If you make an investment commitment and there are important changes between the date of your commitment and the date the investment is concluded, then (1) the Issuer must notify you of the changes, (2) your investment commitment will be canceled automatically unless you reconfirm your commitment within five business days of receipt of the notice.
After you invest, the Issuer is generally required to file annual reports with the SEC and post them on its own website within 120 days after the end of the fiscal year.

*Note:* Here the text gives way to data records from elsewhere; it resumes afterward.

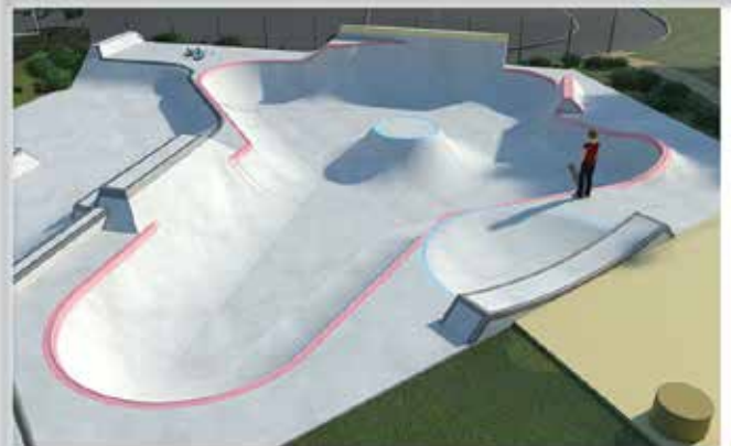
Bradley Stoke Park Skatepark Bradley Stoke, South Gloucestershire - As-Built Design - Visualisation 4
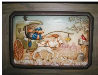
When Coffee Never Tasted So Good Music Box 809225 - Ltd Ed 1,250 (1991)
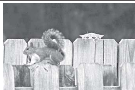
A cat eyes a squirrel as it makes it's way along a fence in Ormond Beach Fla, on 8 September, 2010. Cat and squirrel parted without incident.

The Sun said a check of its records found the word "limn" had been used 47 previous times in the newspaper since 1991, including two headlines.
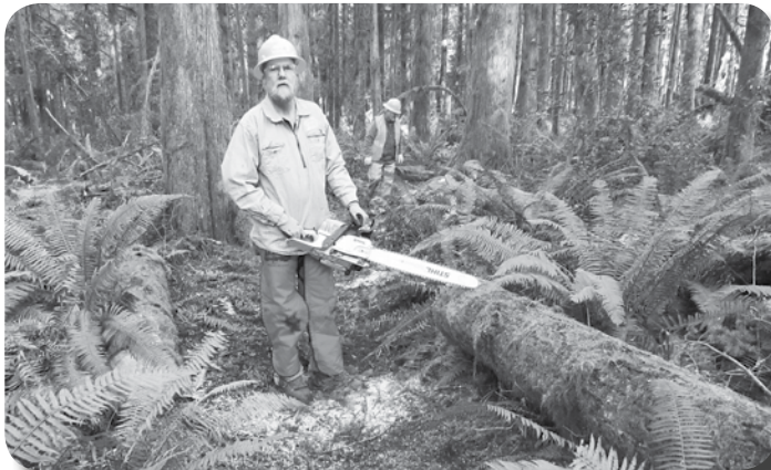
2019 January work party has removed the log.

so he can redeem himself at the next work party. I share this personal note simply because it is an appreciated illustration of the teamwork involved with individual growth within the BCH organization.
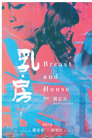
Breast and House
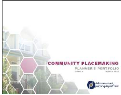
COMMUNITY PLACEMAKING March 2016
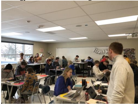
Pre-Calculus students engaged in learning on teacher 'Open Door Day'

The annual report will typically include:
- The same types of information included on the Form C you saw when you invested;
- Updated financial statements certified by the principal executive officer of the Issuer (the financial statements don’t have to be reviewed or audited, but if the Issuer already has reviewed or audited financial statements, they must be provided); and
- Updated disclosures about the Issuer’s financial condition.
The Issuer is allowed to stop filing annual reports upon the earlier to occur of:
- The date the Issuer has filed at least one annual report and has fewer than 300 shareholders of record;
- The date the Issuer has filed at least three annual reports and has total assets no greater than $10 million;
- The date the Issuer or someone else buys all of the securities issued in the Title III offering;
- The date the Issuer registers its securities and is required to file reports under the Securities Exchange Act of 1934; or
- The date the Issuer is dissolved under state law.
At best, you will have current information about the Issuer once per year. If the Issuer stops providing annual reports, you won’t have current financial information about the Issuer at all.
An Issuer might hire a public relations firm or other third party to promote the Issuer’s offering on the Platform – for example, by talking about the offering in our chat room. Or an employee or founder of the Issuer might do the same thing. In either case, the person doing the promoting must identify himself or herself on the Platform and disclose that he or she is engaged in promotional activity. In the case of a third party, the third party must also disclose that it is being paid for its promotional activity.
The SEC adopted in November 2020 significant changes to Title III, including changes that now:
- Allow accredited investors to invest any amount, with no limits.
- Raise the investment limits for non-accredited investors.
- Raise the amount an Issuer may raise, to $5M per year.